When inserting some random value in redis, it breaks Octavia with an infinite loop of exceptions:

in redis-cli
> HSET octavia_jobboard:listings 12312 4314

Nov 05 09:13:50 devstack1 octavia-worker[1265770]: ERROR octavia.common.base_taskflow [-] Error while running jobs.: taskflow.exceptions.JobFailure: Failed to deserialize object from msgpack blob (of length 4)
Nov 05 09:13:50 devstack1 octavia-worker[1265770]: ValueError: Expected msgpack decodable data: unpack(b) received extra data.
Nov 05 09:13:50 devstack1 octavia-worker[1265770]: ERROR octavia.common.base_taskflow Traceback (most recent call last):
Nov 05 09:13:50 devstack1 octavia-worker[1265770]: ERROR octavia.common.base_taskflow File "/opt/stack/taskflow/taskflow/utils/misc.py", line 319, in decode_msgpack
Nov 05 09:13:50 devstack1 octavia-worker[1265770]: ERROR octavia.common.base_taskflow data = msgpackutils.loads(raw_data)
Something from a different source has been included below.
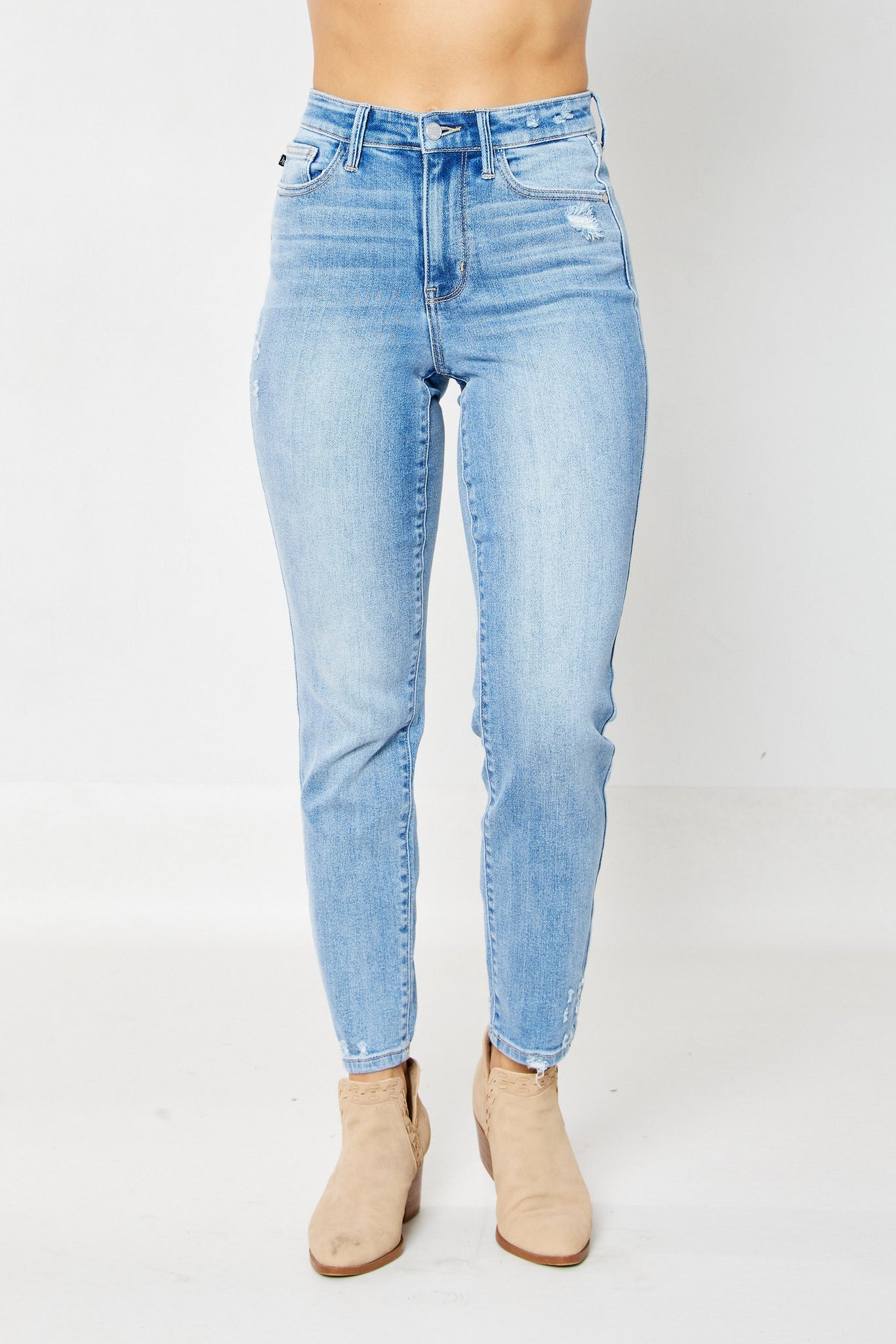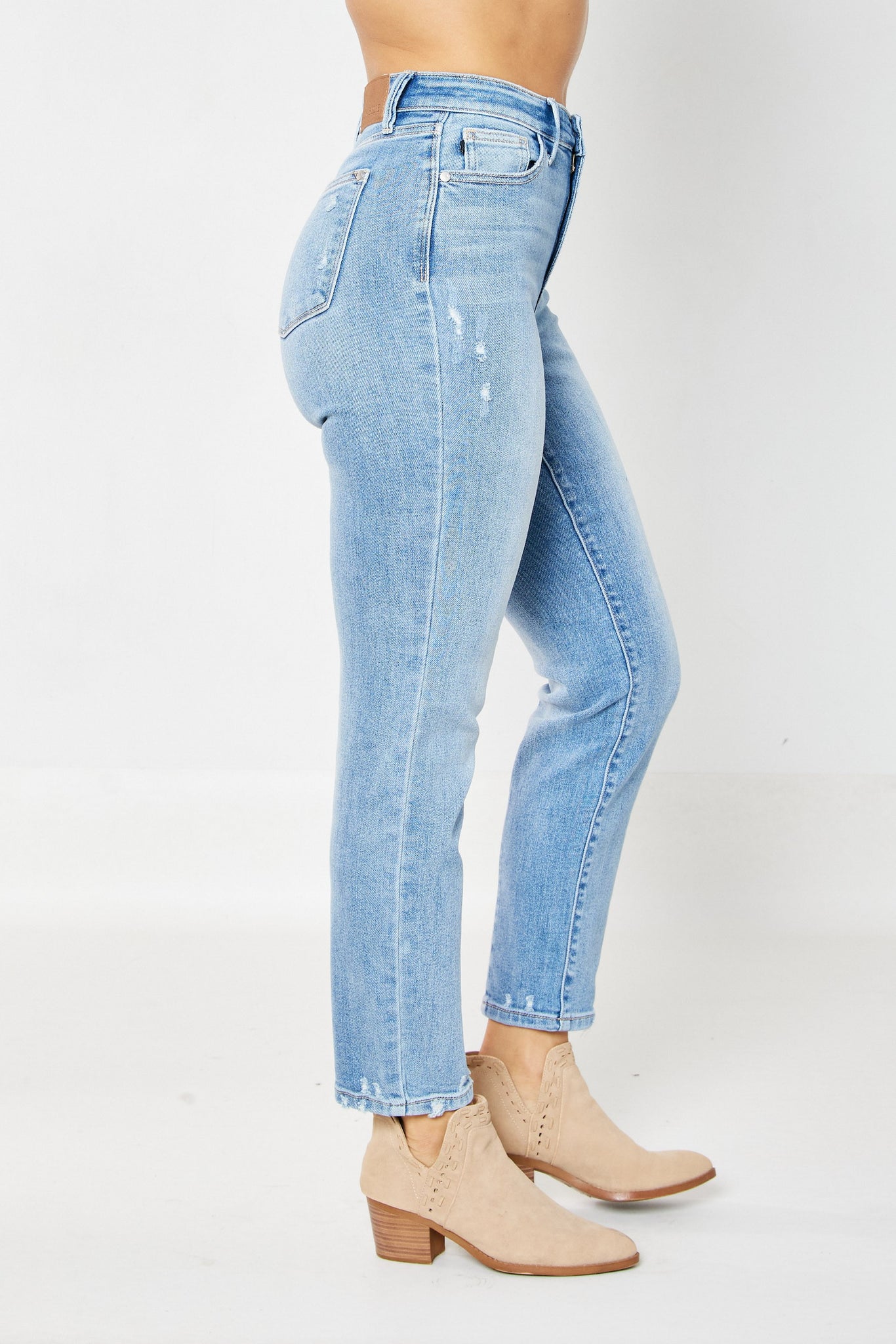These JUDY BLUE plus size jeans are a MUST! High rise with a good amount of stretch. Very comfortable. Functional pockets in the front and back. Slight distressing, no holes. True to size.

Nov 05 09:13:50 devstack1 octavia-worker[1265770]: ERROR octavia.common.base_taskflow File "/home/stack/.local/lib/python3.6/site-packages/oslo_serialization/msgpackutils.py", line 484, in loads
Nov 05 09:13:50 devstack1 octavia-worker[1265770]: ERROR octavia.common.base_taskflow return msgpack.unpackb(s, ext_hook=ext_hook, raw=False)
Nov 05 09:13:50 devstack1 octavia-worker[1265770]: ERROR octavia.common.base_taskflow File "msgpack/_unpacker.pyx", line 202, in msgpack._cmsgpack.unpackb
Nov 05 09:13:50 devstack1 octavia-worker[1265770]: ERROR octavia.common.base_taskflow msgpack.exceptions.ExtraData: unpack(b) received extra data.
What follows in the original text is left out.